In other cases, for example, if we want to share part of the contents of the pdf file to others, we also need to use pdf paging, which can not only analyze the specified contents, but also reduce the size of the sent file O(∩∩) O ha~
In short, pdf pagination is something we will inevitably encounter in real life. When you encounter, how do you solve it?
In Python, pdf pagination is extremely simple. You only need to run a few lines of code to achieve it. No matter how large your pdf file is, let's take a look~
Note: I annotate the function of each part of the code, and then come back to the back of the code. Pay attention to check it~
from PyPDF2 import PdfFileReader, PdfFileWriter import os def split(path, page_num): try: # The capture value is an abnormal error, that is, when only one page number is entered page_start, page_end = page_num.split() except ValueError: page_start = page_num page_end = page_num output_name = os.path.splitext(path)[0] + f'({page_start}-{page_end}).pdf' # Output split pdf file page_start, page_end = int(page_start), int(page_end) # Convert page number to integer type if os.path.splitext(path)[1] == '': # Determine whether the file format ends in. pdf path = path + ".pdf" try: pdf = PdfFileReader(path) # Read pdf except FileNotFoundError: print("Error:Please confirm your input pdf Whether the file exists!") return pdf_writer = PdfFileWriter() # pdf write object if page_start < 1 or page_end > pdf.getNumPages(): # Judge whether the page number is within a reasonable range, that is, whether it is less than or greater than the number of pages of pdf file print("Error:The page number exceeds the reasonable range. Please make sure that the range of pages you entered is within the reasonable range!") return for page in range(page_start-1, page_end): # The range of pdf pages to be divided. Since the number of pages read starts from 0, it is reduced by 1 pdf_writer.addPage(pdf.getPage(page)) # pdf pages are read, stored in memory and not written with open(output_name, 'wb') as output_pdf: pdf_writer.write(output_pdf) # Start writing pdf in the specified page range print("After paging, please check:" + output_name) if __name__ == '__main__': source_path = input("Please enter the to be split pdf File:") # pdf file to be split pages = input("Please enter the start page and end page of the split,Separate with spaces:") split(source_path, pages)

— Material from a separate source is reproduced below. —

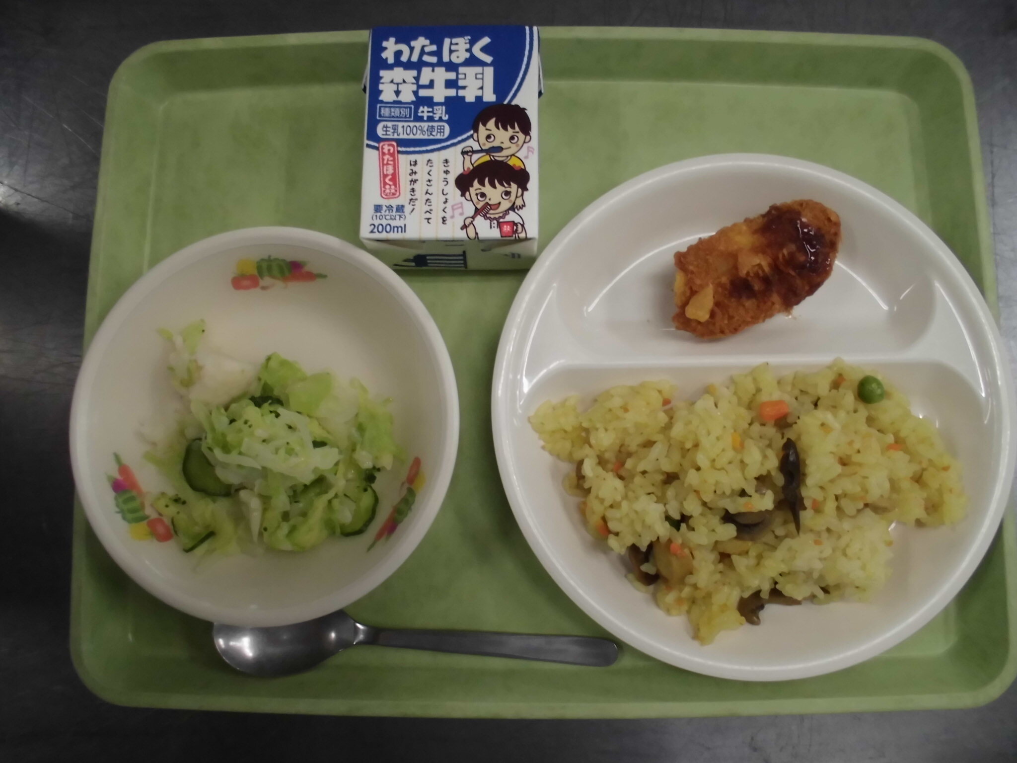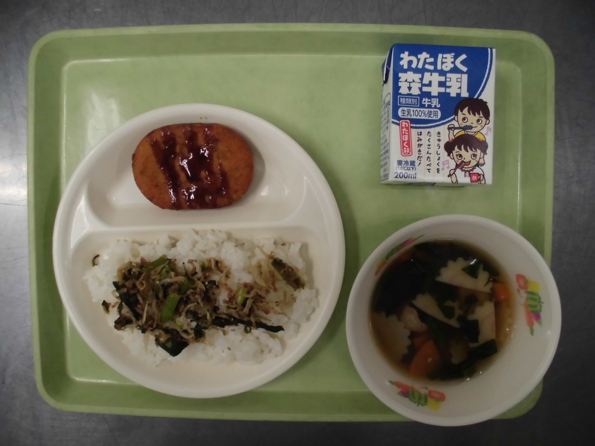 産 物 ごはん こまつなふりかけ ゼリーフライ まゆたまじる ぎゅうにゅう |
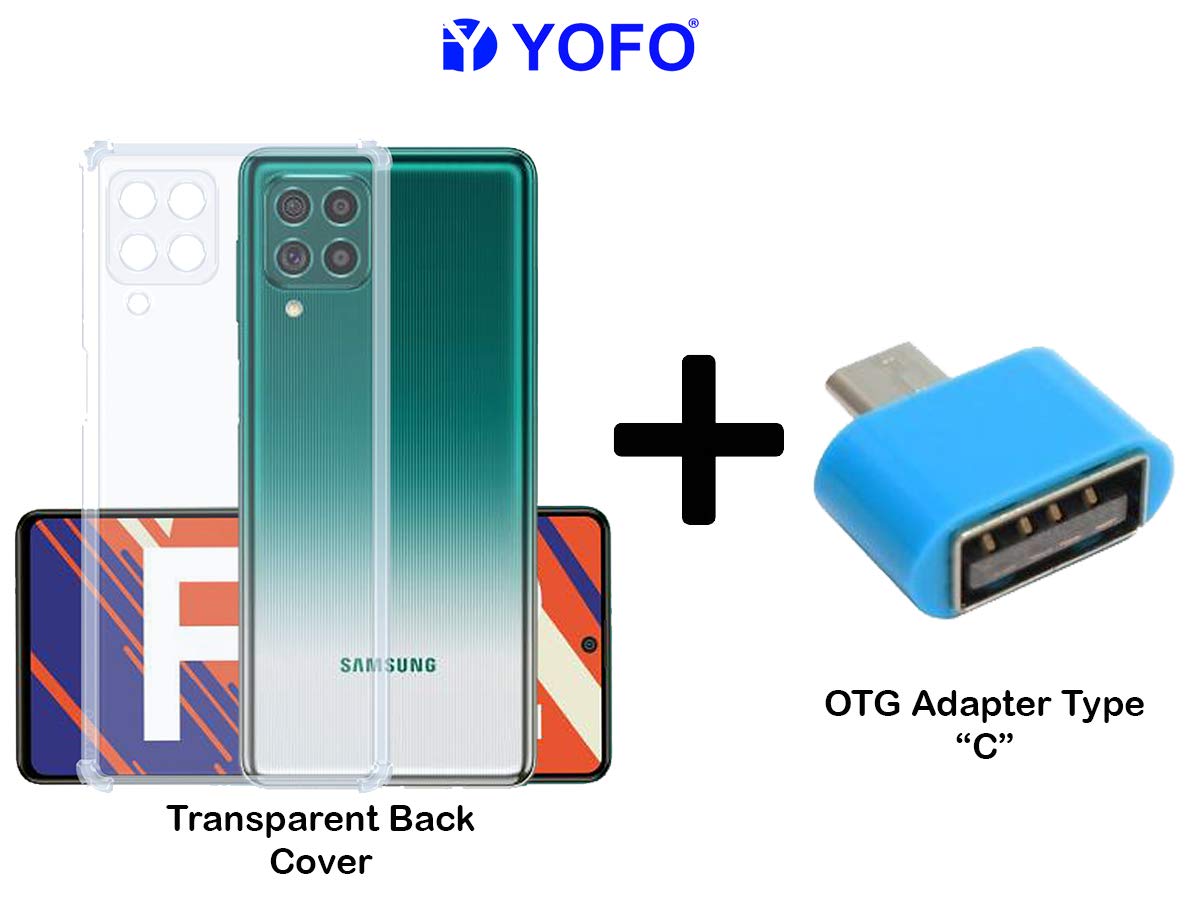 YOFO Silicon Transparent Back Cover for Samsung F62 Shockproof Bumper Corner with Free OTG Adapter

In fact, the main code is as follows:
pdf = PdfFileReader(path) # Read pdf pdf_writer = PdfFileWriter() # pdf write object for page in range(page_start, page_end): # pdf page number interval to be split pdf_writer.addPage(pdf.getPage(page)) # pdf pages are read, stored in memory and not written with open(output_name, 'wb') as output_pdf: pdf_writer.write(output_pdf) # Start writing pdf in the specified page range
I just added some code for exception error capture and resolution on the basis of it, and realized the recycling of the code, not just for a pdf file.
Code usage display:
1. Source file
The number of pages in the book is still quite large
2. Target page range
Note that although the page number here is 271, it does not mean that it is 271, because the page number of the read pdf file is the page number of the whole file, such as the cover of the book and the number of pages in the table of contents.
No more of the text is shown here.